### WHAT THIS TASK INVOLVES
Print the listing once more, exactly as it stands.

### RECORDS PROVIDED
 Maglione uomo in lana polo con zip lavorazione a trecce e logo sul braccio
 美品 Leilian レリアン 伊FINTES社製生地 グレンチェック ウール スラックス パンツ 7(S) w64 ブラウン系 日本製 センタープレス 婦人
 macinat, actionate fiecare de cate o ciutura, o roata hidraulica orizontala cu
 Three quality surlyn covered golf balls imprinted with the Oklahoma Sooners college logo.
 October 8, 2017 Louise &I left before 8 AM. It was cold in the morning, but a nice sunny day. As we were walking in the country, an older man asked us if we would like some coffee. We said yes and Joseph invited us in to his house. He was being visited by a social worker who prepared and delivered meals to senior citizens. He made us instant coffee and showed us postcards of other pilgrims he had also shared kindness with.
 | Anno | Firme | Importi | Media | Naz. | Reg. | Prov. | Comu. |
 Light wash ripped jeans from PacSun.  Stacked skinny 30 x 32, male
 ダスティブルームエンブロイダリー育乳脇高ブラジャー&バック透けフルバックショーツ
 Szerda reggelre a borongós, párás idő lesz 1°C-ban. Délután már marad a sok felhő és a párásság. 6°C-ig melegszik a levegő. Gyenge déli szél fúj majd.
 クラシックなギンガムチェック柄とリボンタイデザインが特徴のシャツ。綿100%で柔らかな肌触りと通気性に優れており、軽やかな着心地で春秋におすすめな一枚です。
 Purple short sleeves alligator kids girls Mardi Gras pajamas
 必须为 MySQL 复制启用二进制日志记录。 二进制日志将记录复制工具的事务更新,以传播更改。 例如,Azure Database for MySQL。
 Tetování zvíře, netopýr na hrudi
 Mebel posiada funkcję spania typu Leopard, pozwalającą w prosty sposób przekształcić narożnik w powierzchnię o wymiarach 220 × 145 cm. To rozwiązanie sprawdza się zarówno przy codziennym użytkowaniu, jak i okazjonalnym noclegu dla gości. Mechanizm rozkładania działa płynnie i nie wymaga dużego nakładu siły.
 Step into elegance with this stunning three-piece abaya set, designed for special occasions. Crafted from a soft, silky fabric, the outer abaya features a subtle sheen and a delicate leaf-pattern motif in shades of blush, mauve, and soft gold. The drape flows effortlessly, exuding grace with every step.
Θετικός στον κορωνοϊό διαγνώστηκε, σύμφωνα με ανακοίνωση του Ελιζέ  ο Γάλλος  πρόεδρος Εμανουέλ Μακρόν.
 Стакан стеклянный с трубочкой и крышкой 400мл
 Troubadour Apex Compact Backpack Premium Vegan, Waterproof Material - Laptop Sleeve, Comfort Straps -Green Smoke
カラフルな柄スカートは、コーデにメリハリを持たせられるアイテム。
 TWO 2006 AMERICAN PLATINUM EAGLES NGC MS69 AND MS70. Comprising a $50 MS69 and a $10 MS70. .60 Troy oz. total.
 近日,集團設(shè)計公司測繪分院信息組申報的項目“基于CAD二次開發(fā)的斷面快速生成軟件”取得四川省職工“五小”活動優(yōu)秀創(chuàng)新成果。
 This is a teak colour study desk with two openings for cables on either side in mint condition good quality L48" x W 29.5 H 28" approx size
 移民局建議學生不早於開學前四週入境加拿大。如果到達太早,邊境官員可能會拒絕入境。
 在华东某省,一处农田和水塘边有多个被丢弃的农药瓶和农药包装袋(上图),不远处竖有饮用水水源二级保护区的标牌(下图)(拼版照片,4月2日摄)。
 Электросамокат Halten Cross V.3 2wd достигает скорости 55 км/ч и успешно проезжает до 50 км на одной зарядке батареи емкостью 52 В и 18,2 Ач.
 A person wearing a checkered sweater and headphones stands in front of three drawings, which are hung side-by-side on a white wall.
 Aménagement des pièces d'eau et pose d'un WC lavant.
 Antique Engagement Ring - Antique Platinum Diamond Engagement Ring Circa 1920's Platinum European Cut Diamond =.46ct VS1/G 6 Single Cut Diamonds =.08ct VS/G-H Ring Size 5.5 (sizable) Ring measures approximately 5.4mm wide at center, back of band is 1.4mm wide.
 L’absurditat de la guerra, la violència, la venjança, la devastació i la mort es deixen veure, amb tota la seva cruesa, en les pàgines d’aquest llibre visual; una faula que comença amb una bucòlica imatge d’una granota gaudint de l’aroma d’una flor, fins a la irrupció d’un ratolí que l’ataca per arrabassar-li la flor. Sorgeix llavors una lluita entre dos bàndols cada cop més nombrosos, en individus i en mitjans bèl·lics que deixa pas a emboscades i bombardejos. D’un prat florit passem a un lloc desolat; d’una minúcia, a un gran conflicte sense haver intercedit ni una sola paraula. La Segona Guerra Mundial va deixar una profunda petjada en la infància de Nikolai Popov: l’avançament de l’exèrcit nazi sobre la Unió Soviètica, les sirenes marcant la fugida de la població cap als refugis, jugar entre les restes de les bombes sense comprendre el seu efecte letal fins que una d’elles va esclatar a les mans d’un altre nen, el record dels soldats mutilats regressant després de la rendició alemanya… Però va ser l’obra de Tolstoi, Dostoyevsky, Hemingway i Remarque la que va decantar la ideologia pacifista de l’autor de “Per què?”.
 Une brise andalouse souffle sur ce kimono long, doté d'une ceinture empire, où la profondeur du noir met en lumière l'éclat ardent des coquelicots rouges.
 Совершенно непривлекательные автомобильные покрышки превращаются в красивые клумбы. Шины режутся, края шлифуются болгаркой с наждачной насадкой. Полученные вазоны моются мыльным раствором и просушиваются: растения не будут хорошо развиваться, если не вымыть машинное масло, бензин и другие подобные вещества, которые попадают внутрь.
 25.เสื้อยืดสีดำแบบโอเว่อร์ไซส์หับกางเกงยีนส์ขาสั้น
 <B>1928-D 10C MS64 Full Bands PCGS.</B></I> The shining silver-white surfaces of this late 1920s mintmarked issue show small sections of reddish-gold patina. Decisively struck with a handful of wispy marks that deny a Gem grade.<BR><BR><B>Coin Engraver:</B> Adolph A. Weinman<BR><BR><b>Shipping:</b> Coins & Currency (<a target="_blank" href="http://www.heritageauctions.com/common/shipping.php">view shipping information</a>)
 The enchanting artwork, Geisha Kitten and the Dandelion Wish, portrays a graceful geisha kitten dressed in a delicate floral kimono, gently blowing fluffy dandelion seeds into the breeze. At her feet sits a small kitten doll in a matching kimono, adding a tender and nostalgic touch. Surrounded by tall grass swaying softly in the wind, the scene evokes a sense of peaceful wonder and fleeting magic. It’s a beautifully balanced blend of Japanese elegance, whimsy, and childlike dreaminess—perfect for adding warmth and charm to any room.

### FINAL ANSWER
 Maglione uomo in lana polo con zip lavorazione a trecce e logo sul braccio
 美品 Leilian レリアン 伊FINTES社製生地 グレンチェック ウール スラックス パンツ 7(S) w64 ブラウン系 日本製 センタープレス 婦人
 macinat, actionate fiecare de cate o ciutura, o roata hidraulica orizontala cu
 Three quality surlyn covered golf balls imprinted with the Oklahoma Sooners college logo.
 October 8, 2017 Louise &I left before 8 AM. It was cold in the morning, but a nice sunny day. As we were walking in the country, an older man asked us if we would like some coffee. We said yes and Joseph invited us in to his house. He was being visited by a social worker who prepared and delivered meals to senior citizens. He made us instant coffee and showed us postcards of other pilgrims he had also shared kindness with.
 | Anno | Firme | Importi | Media | Naz. | Reg. | Prov. | Comu. |
 Light wash ripped jeans from PacSun.  Stacked skinny 30 x 32, male
 ダスティブルームエンブロイダリー育乳脇高ブラジャー&バック透けフルバックショーツ
 Szerda reggelre a borongós, párás idő lesz 1°C-ban. Délután már marad a sok felhő és a párásság. 6°C-ig melegszik a levegő. Gyenge déli szél fúj majd.
 クラシックなギンガムチェック柄とリボンタイデザインが特徴のシャツ。綿100%で柔らかな肌触りと通気性に優れており、軽やかな着心地で春秋におすすめな一枚です。
 Purple short sleeves alligator kids girls Mardi Gras pajamas
 必须为 MySQL 复制启用二进制日志记录。 二进制日志将记录复制工具的事务更新,以传播更改。 例如,Azure Database for MySQL。
 Tetování zvíře, netopýr na hrudi
 Mebel posiada funkcję spania typu Leopard, pozwalającą w prosty sposób przekształcić narożnik w powierzchnię o wymiarach 220 × 145 cm. To rozwiązanie sprawdza się zarówno przy codziennym użytkowaniu, jak i okazjonalnym noclegu dla gości. Mechanizm rozkładania działa płynnie i nie wymaga dużego nakładu siły.
 Step into elegance with this stunning three-piece abaya set, designed for special occasions. Crafted from a soft, silky fabric, the outer abaya features a subtle sheen and a delicate leaf-pattern motif in shades of blush, mauve, and soft gold. The drape flows effortlessly, exuding grace with every step.
Θετικός στον κορωνοϊό διαγνώστηκε, σύμφωνα με ανακοίνωση του Ελιζέ  ο Γάλλος  πρόεδρος Εμανουέλ Μακρόν.
 Стакан стеклянный с трубочкой и крышкой 400мл
 Troubadour Apex Compact Backpack Premium Vegan, Waterproof Material - Laptop Sleeve, Comfort Straps -Green Smoke
カラフルな柄スカートは、コーデにメリハリを持たせられるアイテム。
 TWO 2006 AMERICAN PLATINUM EAGLES NGC MS69 AND MS70. Comprising a $50 MS69 and a $10 MS70. .60 Troy oz. total.
 近日,集團設(shè)計公司測繪分院信息組申報的項目“基于CAD二次開發(fā)的斷面快速生成軟件”取得四川省職工“五小”活動優(yōu)秀創(chuàng)新成果。
 This is a teak colour study desk with two openings for cables on either side in mint condition good quality L48" x W 29.5 H 28" approx size
 移民局建議學生不早於開學前四週入境加拿大。如果到達太早,邊境官員可能會拒絕入境。
 在华东某省,一处农田和水塘边有多个被丢弃的农药瓶和农药包装袋(上图),不远处竖有饮用水水源二级保护区的标牌(下图)(拼版照片,4月2日摄)。
 Электросамокат Halten Cross V.3 2wd достигает скорости 55 км/ч и успешно проезжает до 50 км на одной зарядке батареи емкостью 52 В и 18,2 Ач.
 A person wearing a checkered sweater and headphones stands in front of three drawings, which are hung side-by-side on a white wall.
 Aménagement des pièces d'eau et pose d'un WC lavant.
 Antique Engagement Ring - Antique Platinum Diamond Engagement Ring Circa 1920's Platinum European Cut Diamond =.46ct VS1/G 6 Single Cut Diamonds =.08ct VS/G-H Ring Size 5.5 (sizable) Ring measures approximately 5.4mm wide at center, back of band is 1.4mm wide.
 L’absurditat de la guerra, la violència, la venjança, la devastació i la mort es deixen veure, amb tota la seva cruesa, en les pàgines d’aquest llibre visual; una faula que comença amb una bucòlica imatge d’una granota gaudint de l’aroma d’una flor, fins a la irrupció d’un ratolí que l’ataca per arrabassar-li la flor. Sorgeix llavors una lluita entre dos bàndols cada cop més nombrosos, en individus i en mitjans bèl·lics que deixa pas a emboscades i bombardejos. D’un prat florit passem a un lloc desolat; d’una minúcia, a un gran conflicte sense haver intercedit ni una sola paraula. La Segona Guerra Mundial va deixar una profunda petjada en la infància de Nikolai Popov: l’avançament de l’exèrcit nazi sobre la Unió Soviètica, les sirenes marcant la fugida de la població cap als refugis, jugar entre les restes de les bombes sense comprendre el seu efecte letal fins que una d’elles va esclatar a les mans d’un altre nen, el record dels soldats mutilats regressant després de la rendició alemanya… Però va ser l’obra de Tolstoi, Dostoyevsky, Hemingway i Remarque la que va decantar la ideologia pacifista de l’autor de “Per què?”.
 Une brise andalouse souffle sur ce kimono long, doté d'une ceinture empire, où la profondeur du noir met en lumière l'éclat ardent des coquelicots rouges.
 Совершенно непривлекательные автомобильные покрышки превращаются в красивые клумбы. Шины режутся, края шлифуются болгаркой с наждачной насадкой. Полученные вазоны моются мыльным раствором и просушиваются: растения не будут хорошо развиваться, если не вымыть машинное масло, бензин и другие подобные вещества, которые попадают внутрь.
 25.เสื้อยืดสีดำแบบโอเว่อร์ไซส์หับกางเกงยีนส์ขาสั้น
 <B>1928-D 10C MS64 Full Bands PCGS.</B></I> The shining silver-white surfaces of this late 1920s mintmarked issue show small sections of reddish-gold patina. Decisively struck with a handful of wispy marks that deny a Gem grade.<BR><BR><B>Coin Engraver:</B> Adolph A. Weinman<BR><BR><b>Shipping:</b> Coins & Currency (<a target="_blank" href="http://www.heritageauctions.com/common/shipping.php">view shipping information</a>)
 The enchanting artwork, Geisha Kitten and the Dandelion Wish, portrays a graceful geisha kitten dressed in a delicate floral kimono, gently blowing fluffy dandelion seeds into the breeze. At her feet sits a small kitten doll in a matching kimono, adding a tender and nostalgic touch. Surrounded by tall grass swaying softly in the wind, the scene evokes a sense of peaceful wonder and fleeting magic. It’s a beautifully balanced blend of Japanese elegance, whimsy, and childlike dreaminess—perfect for adding warmth and charm to any room.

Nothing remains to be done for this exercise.